Alexis Didier

Alexis Didier (1826-1886) was a French clairvoyant whose extraordinarily accurate readings, carried out while he was in a hypnotic trance, attracted widespread notice during the mid-nineteenth century. Didier’s ability was tested with favourable results by the stage magician Jean-Eugene Robert-Houdin.

Life and Career

Alexis Didier was born on 30 March 1826 in Paris, one of ten siblings.1 His father was a shoe mender. Although intelligent, his family could not afford to educate him, and instead he became an apprentice. Aged fourteen, he successfully undertook a mesmerist cure for epilepsy, at which time he was discovered to possess striking clairvoyant ability while in an entranced state. Some two years later he formed a partnership with Jean Marcillet, a former army officer who arranged for him to give private demonstrations. Word of his feats quickly spread throughout Europe, especially in Britain, where he made several visits.

In 1844, Marcillet and Didier were introduced to John Elliotson, a professor of medicine at University College, London, and the leading practitioner of hypnotism in Britain at the time.  A successful initial sitting arranged by Elliotson led to positive press publicity and was followed by more successful demonstrations over two months. In 1847 Didier gave demonstrations for the French royal family and was also tested by the stage magician Jean-Eugene Robert-Houdin.

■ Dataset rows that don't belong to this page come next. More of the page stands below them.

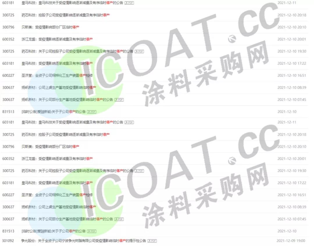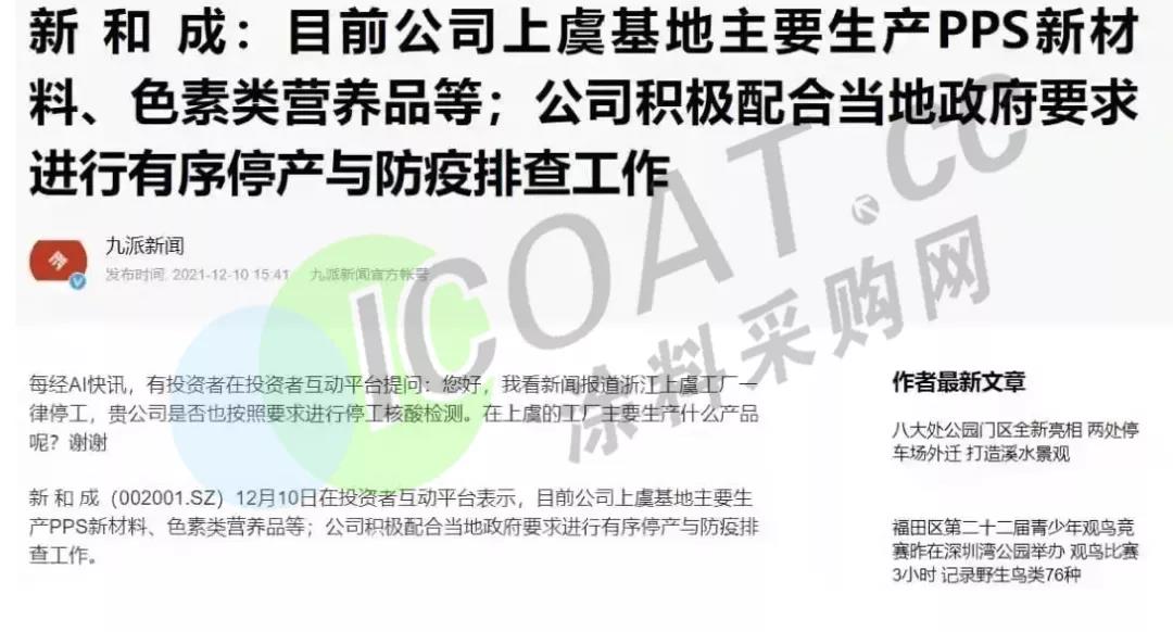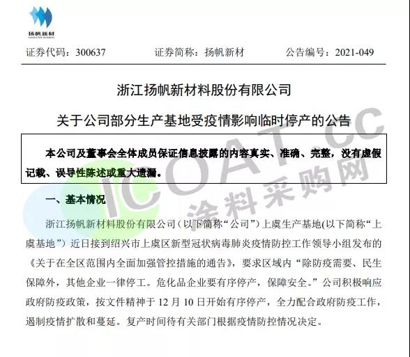 揚帆新材:于12月10日開始有序停產,復產時間待有關部門根據疫情防控情況決定,上虞基地主要生產部分光引發劑產品。臨時停產對公司2021年總體業績影響相對有限。
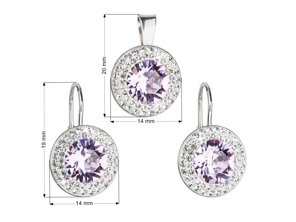 Parametry sady šperků s krystaly Swarovski náušnice a přívěsek fialové kulaté 39107.3
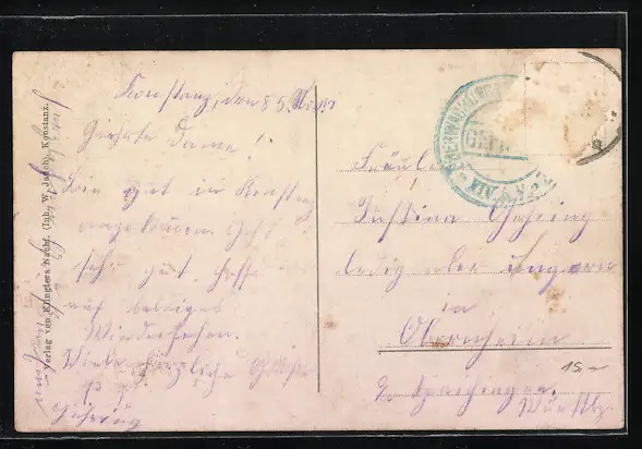 alte Ansichtskarte, gelaufen, Briefmarke entfernt, guter Zustand
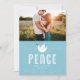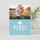 Diese Single Foto-Ferienkarte bietet Platz für ein Foto oben. Unter dem Foto ist ein Beispiel für eine Taube über dem Wort Frieden. Es hat auch Platz für einen Gruß, Ihren Namen und das Jahr.
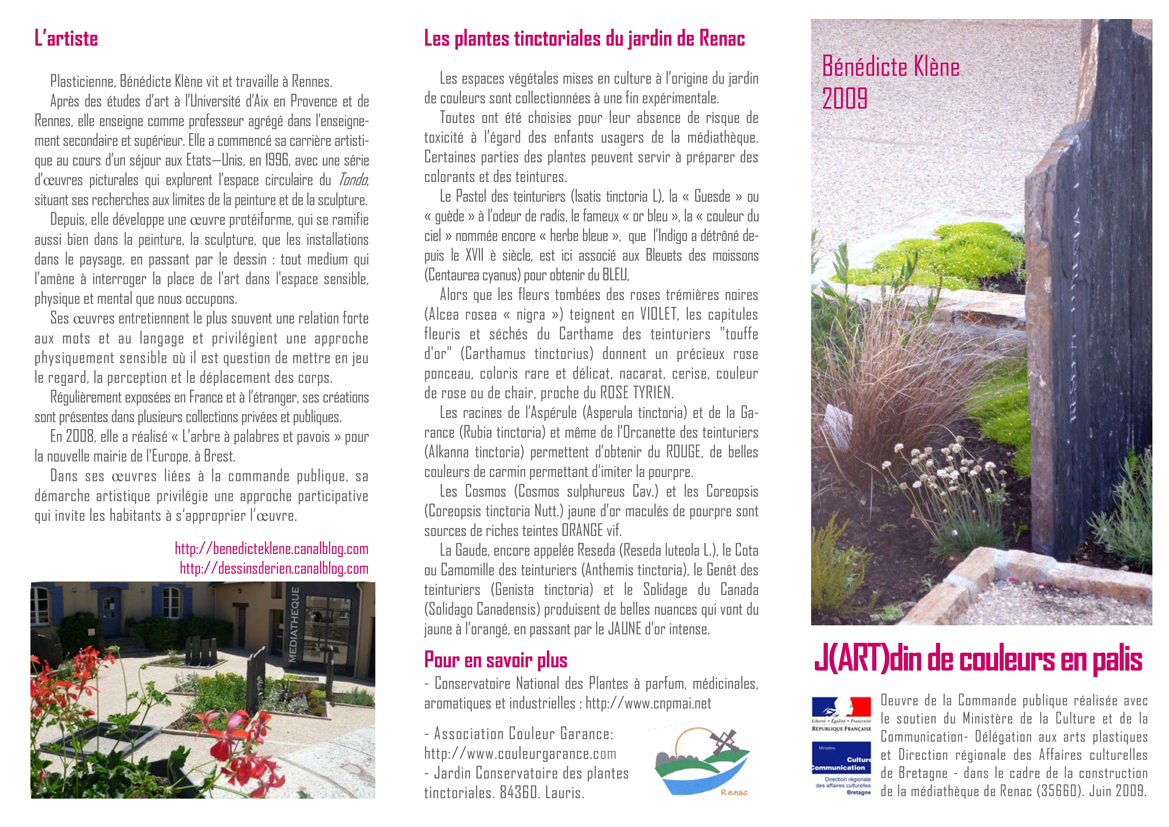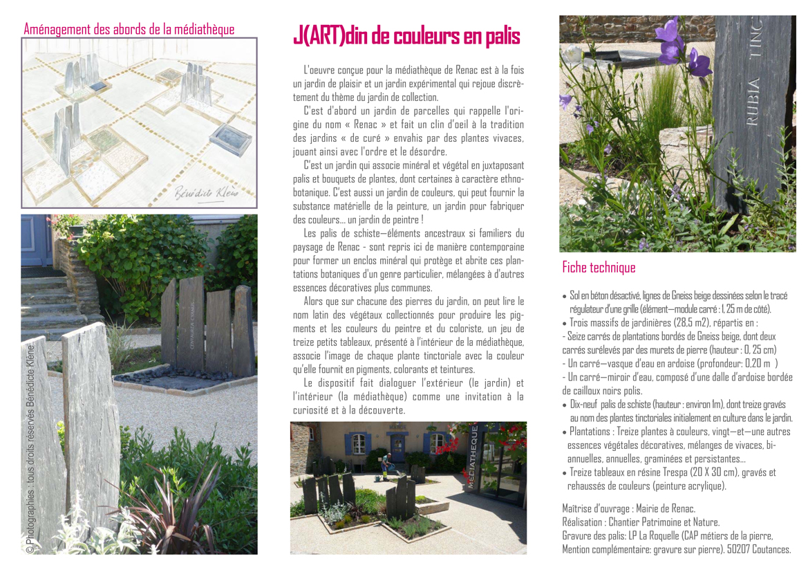 Les palis de schiste—éléments ancestraux si familiers du paysage de Renac – sont repris ici de manière contemporaine pour former un enclos minéral qui protège et abrite ces plantations botaniques d’un genre particulier, mélangées à d’autres essences décoratives plus communes. Alors que sur chacune des pierres du jardin, on peut lire le nom latin des végétaux collectionnés pour produire les pigments et les couleurs du peintre et du coloriste, un jeu de treize petits tableaux, présenté à l’intérieur de la médiathèque, associe l’image de chaque plante tinctoriale avec la couleur qu’elle fournit en pigments, colorants et teintures. Le dispositif fait dialoguer l’extérieur (le jardin) et l’intérieur (la médiathèque) comme une invitation à la curiosité et à la découverte.
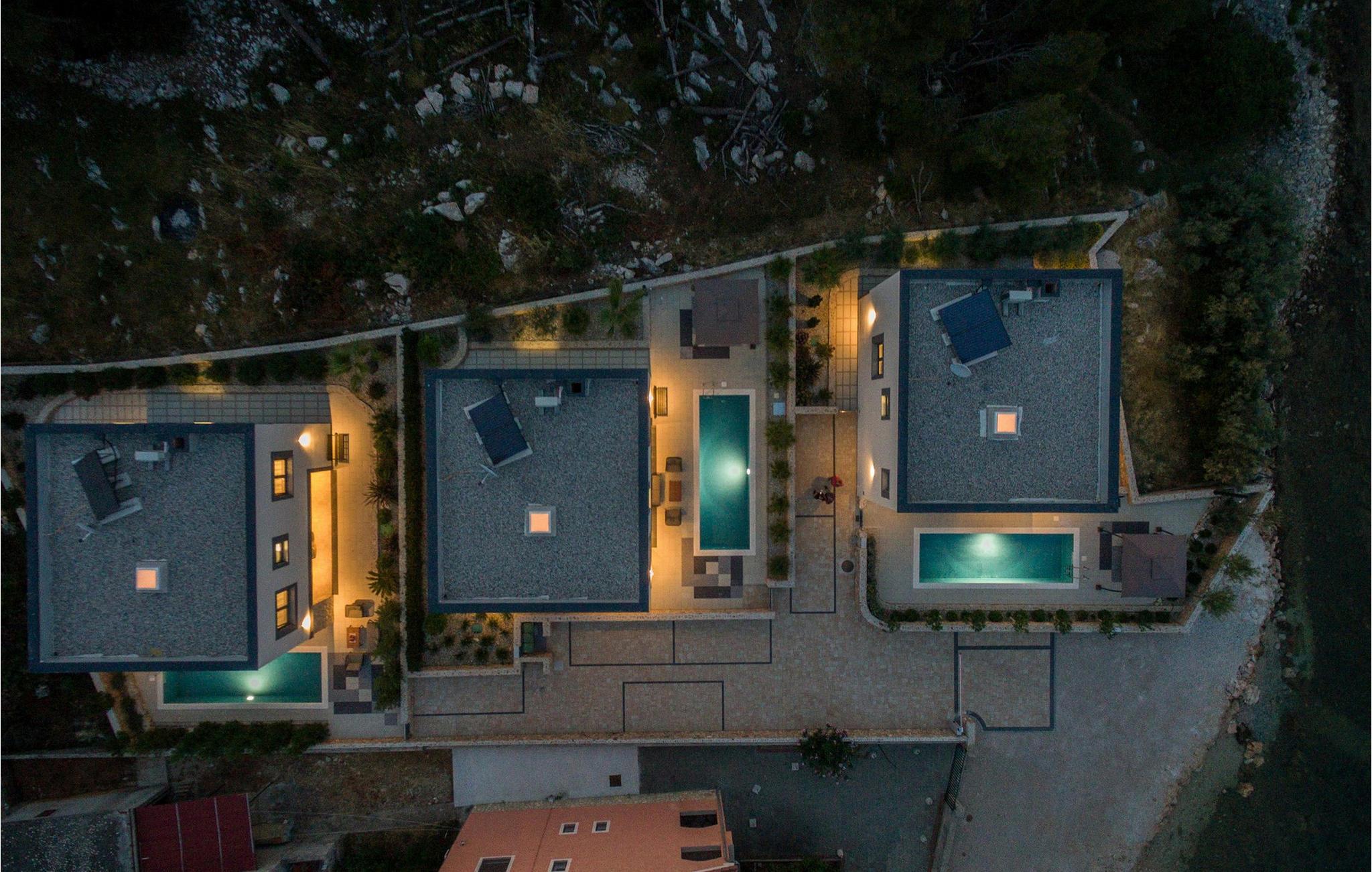 Herfra kan du gå rett ut på den vakre terrassen, hvor et stort spisebord og komfortable sitteplasser venter på deg. Nyt morgenkaffen ute og la blikket vandre over det glitrende havet. Ta en forfriskende dukkert i bassenget, eller slapp av på en av solsengene mens du nyter en kjølig drink. Om kvelden, når solen sakte synker ned i havet, er terrassen det ideelle stedet for å avslutte dagen med levende lys og sosialt samvær.
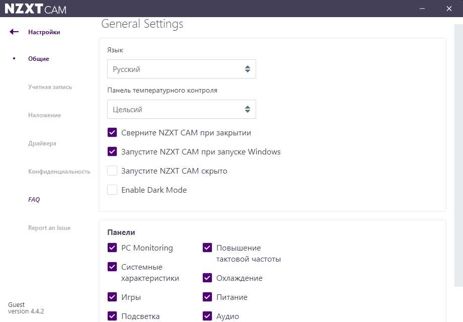 Дополнительные настройки фирменного ПО позволяют использовать NZXT CAM с удобством. Присутствует возможность темного режима, загрузки ПО сразу после старта ОС, а также загрузки в свернутом виде.
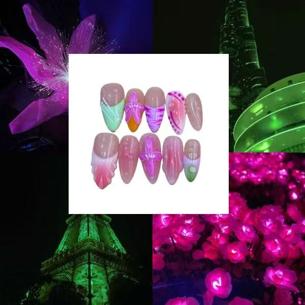Shape:The Neon Petals Acrylic Almond Press On Nail is available in a stylish Almond shape. This trendy and flattering shape elongates your fingers, giving them a chic and modern appearance.
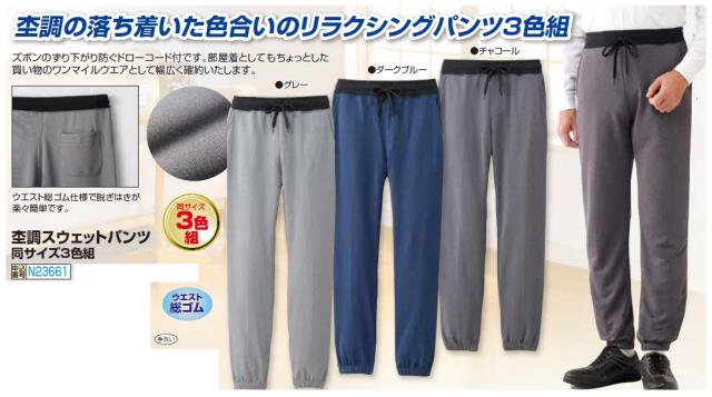 イージーパンツ スウェット グレー ブルー メンズ 秋冬 杢調スウェットパンツ 3色組 ボトムス 紳士服 シニア 男性 ファッション 50代 60代 70代 80代 父の日 お父さん シンプル ウエストゴム 青 ルームウェア ホームウェア pos kita p23661 (p24934) p25581 p26866
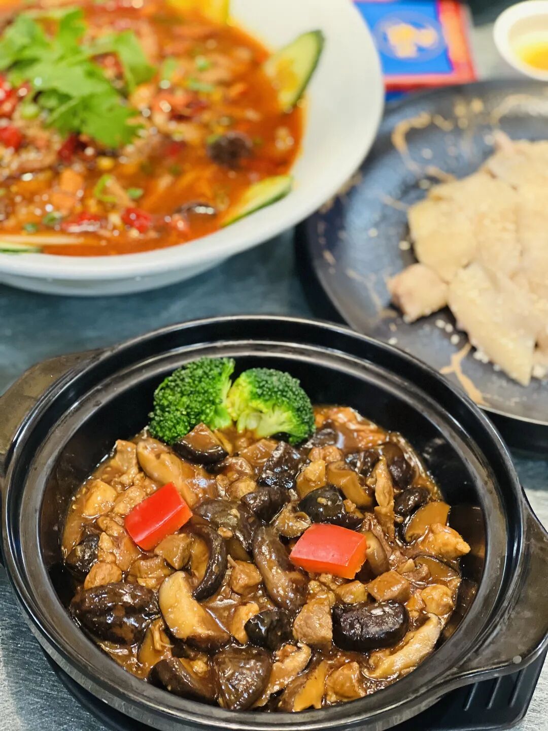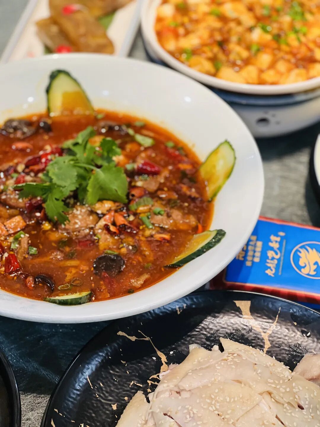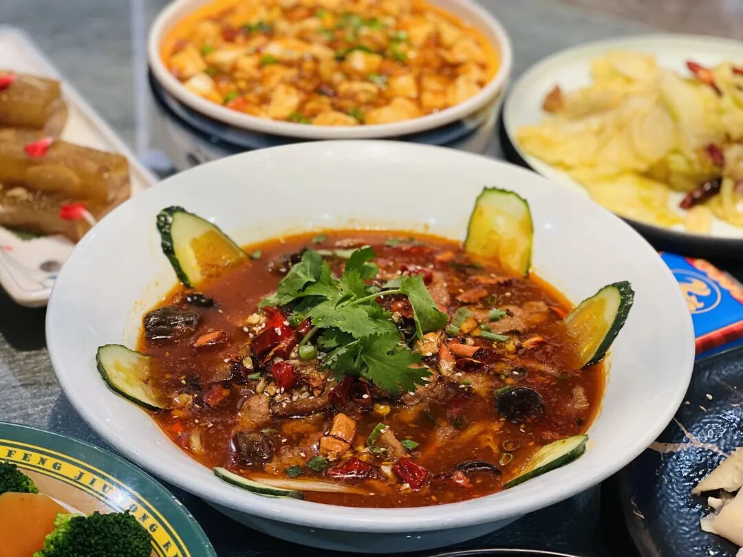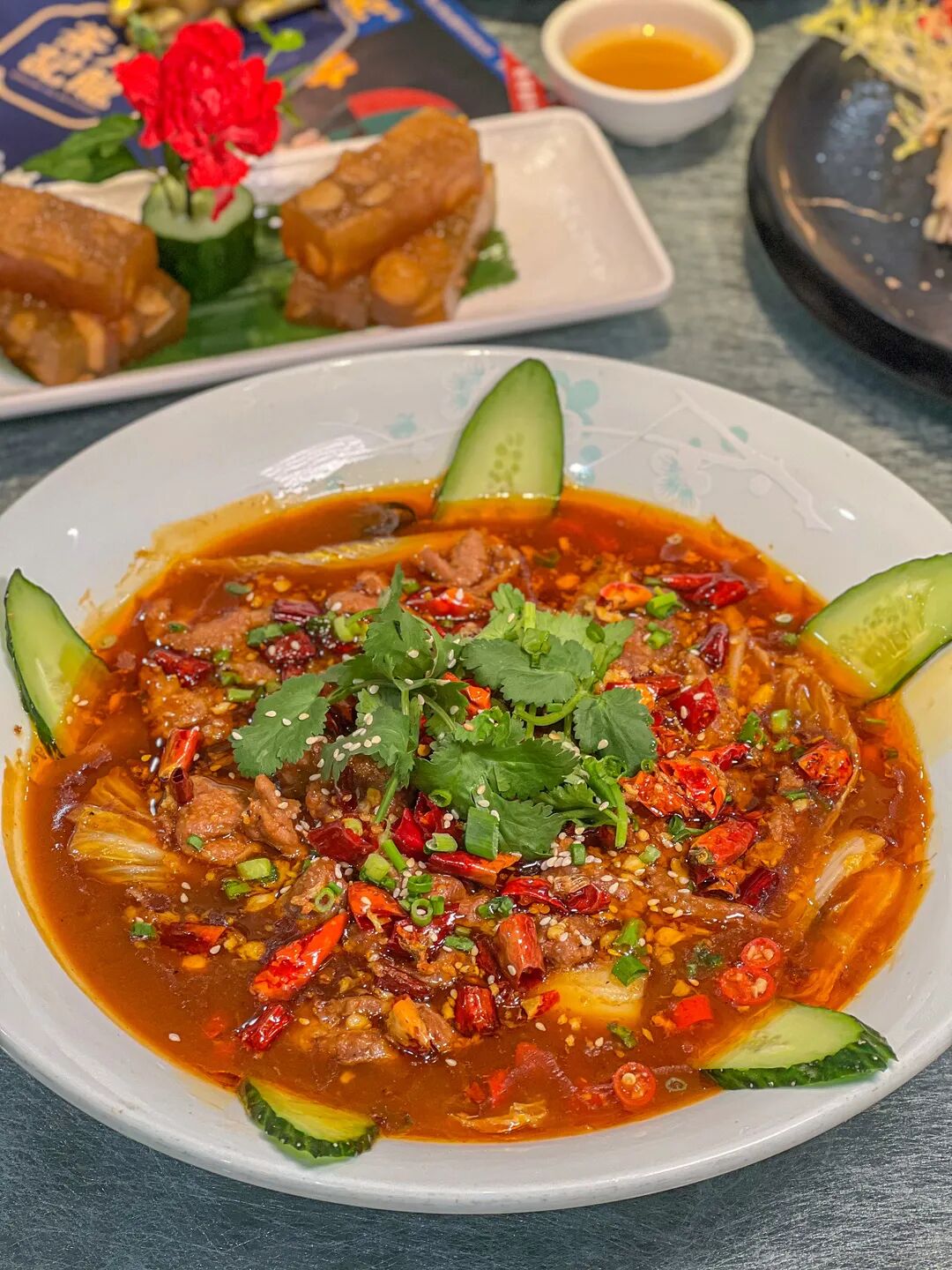 端上桌时红亮的汤汁,瞬间勾起胃里的馋虫。先别急着吃,还有赋予这盆牛肉灵魂的重要一步-浇油。220度的菜籽油,全方位浇灌,嗞啦~嗞啦~此时没有比这更动人的声音了吧。

Didier’s health deterioriated and he gave up giving demonstrations after the age of thirty. He died in 1886.

Adolphe Didier

Didier’s brother Adolphe also gave demonstrations in clairvoyance but during his subsequent career focused mainly on using the trance process for healing, as described in his 1877 book Curative Mesmerism: Animal Magnetism and its Healing Power.  

Sources

Detailed contemporary accounts of sittings with Didier, published in the Zoist of 1845 and 1852, can be read here and here.2  A full French-language account of Didier and his activities, including commentary, is given by philosopher Bertrand Méheust in his 2003 book Un Voyant Prodigieux. Alexis Didier (1826-1886). Other sources are given in ‘Literature’.

Background

The idea of a ‘magnetic fluid’, a natural energy that could be manipulated by a skilled practitioner for healing, was promoted by the German doctor Anton Mesmer in the late eighteenth century.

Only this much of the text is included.